A duríssimas penas ela carrega seu barrigão até o banheiro, cozinha, roupeiro, sempre comigo empurrando atrás, vou dar uma carona. Rua. Ao atravessar, ela começa a sentir uma série de contrações. Será que é hoje? Quarta, 3 de março, aniversário do Mojo, bom augúrio. Eu tinha sonhado que ia ser ontem.

Deixo-a na frente do laboratório com as recomendações de sempre, "qualquer coisa, liga."

No trabalho, tenho uns cinco problemas pra resolver, mas não consigo entrar em nenhum deles. É como se eu soubesse que ia ser perda de tempo, que o que quer que eu fosse começar agora não ia terminar mesmo.

Ela liga: "Acho que é hoje mesmo, viu?" As duas mães, minha e dela, já foram chamadas, fico tranqüilo, organizando coisas. Chego em casa depois da uma e a primeira coisa que ouço ao abrir a porta é "A bolsa estourou." Uma suave irrealidade começa a tomar conta das coisas.

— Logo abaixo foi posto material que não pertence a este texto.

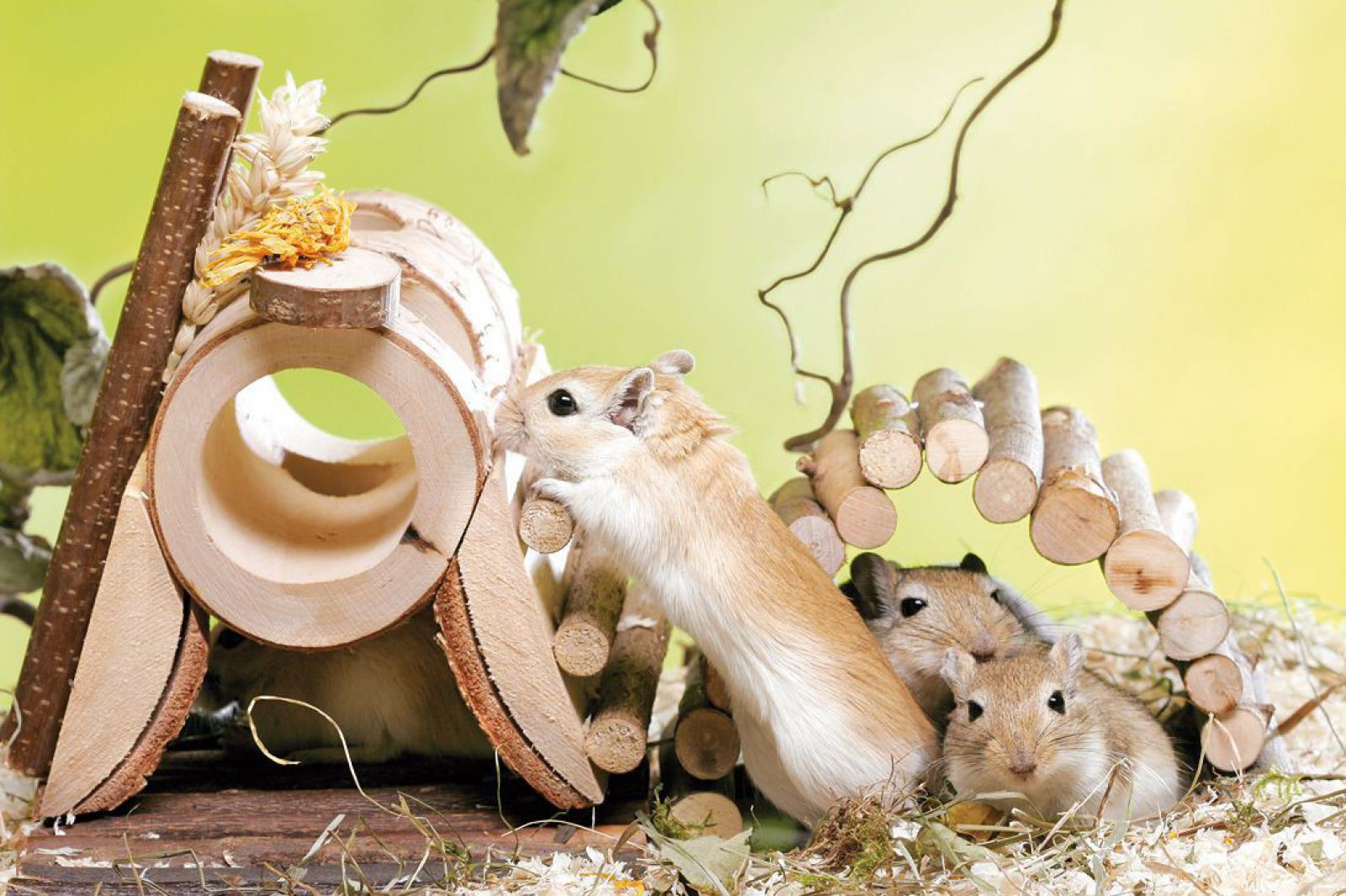 Achtung: Steine und andere schwere Einrichtungsgegenstände müssen stabil auf den Gehegeboden gestellt werden, bevor die Einstreu eingefüllt wird. Andernfalls kann es passieren, dass die Rennmäuse den Stein untergraben und erdrückt werden. Zur Bereicherung des Alltages soll mehrmals pro Woche frisches Nage- und Baumaterial angeboten werden. Geeignet sind beispielsweise Zweige, langfaseriges Heu und unparfümiertes Klopapier. Die Tiere zerkleinern das Material schnell, verwenden es zum Nestbau oder arbeiten es in die Einstreu ein. Auf diese Art wird die Einstreu auch für den Bau eines Tunnelsystems stabiler. Da Rennmäuse nur sehr wenig Harn absetzen, ist der Reinigungsaufwand für den Käfig sehr gering. Die Einstreu muss nur alle 1-3 Monate gewechselt werden.

Munidos de toalhas, descemos e vamos até o consultório da médica, e de lá pro hospital.

Tinha uma reunião às 14:30 e outra às 15:00. Depois de deixar Giselle e mãe no hospital, dou uma última passada no trabalho pra passar a bola pra alguém e começo a comunicar a esmo que o Santiago está pra nascer. As pessoas esperam que eu fique um pouco mais nervoso do que eu estou. Estou apressado, mas calmo, curtindo a situação toda. É legal chegar pra alguém e dizer: "Olha, preciso que tu me substitua nessa reunião, meu filho está nascendo neste exato momento, essas crianças, sabe como é..."

Na volta pro hospital é que começa o estranho fenômeno: uma sensação de que tudo parece mais vivo, mais nítido, mais forte. Uma jamanta carregada de carros cruza na minha frente em plena 24 de Outubro e eu perco vários segundos olhando maravilhado para a brutalidade daquilo, caçamba, cabine, pneus, carroceria, carros, correntes, parafusos, nunca olhei pra uma jamanta desse jeito. É como se fizesse sol depois de meses e meses de dias nublados, as cores gritam, nada parece fugir à minha percepção.

Hospital, o mesmo em que eu nasci. Depois de esperarmos em vão durante 3 horas por uma série de contrações fortes o bastante para causar uma dilatação, a médica decide por uma cesariana. Ficar mais de 12 horas com a bolsa rompida é perigoso, por causa do risco de infecções.

Giselle fica um pouco nervosa com a idéia de cirurgia e anestesia, ela não tem muitas no currículo. Digo que já fiz várias e acho até divertido, mas ela não se convence muito. Pelo menos vou poder ficar do lado dela na hora, falando besteira.

Rapidamente aparecem o anestesista e o resto da equipe, e vamos para a sala. Me sinto bem com o avental, mas a máscara me incomoda um pouco. Comento que começo a entender o porquê de usarem a palavra "parto" para coisas complicadas: já são 8 da noite.

À medida em que o processo avança, uma certa introspecção vai tomando conta de mim. Na verdade, sou dois: na superfície, um de nós conversa com a Giselle e responde às brincadeiras sobre Inter e Grêmio do anestesista; mais fundo, o outro espera, consciente de que a minha vida está para passar por um momento extremo, uma culminância.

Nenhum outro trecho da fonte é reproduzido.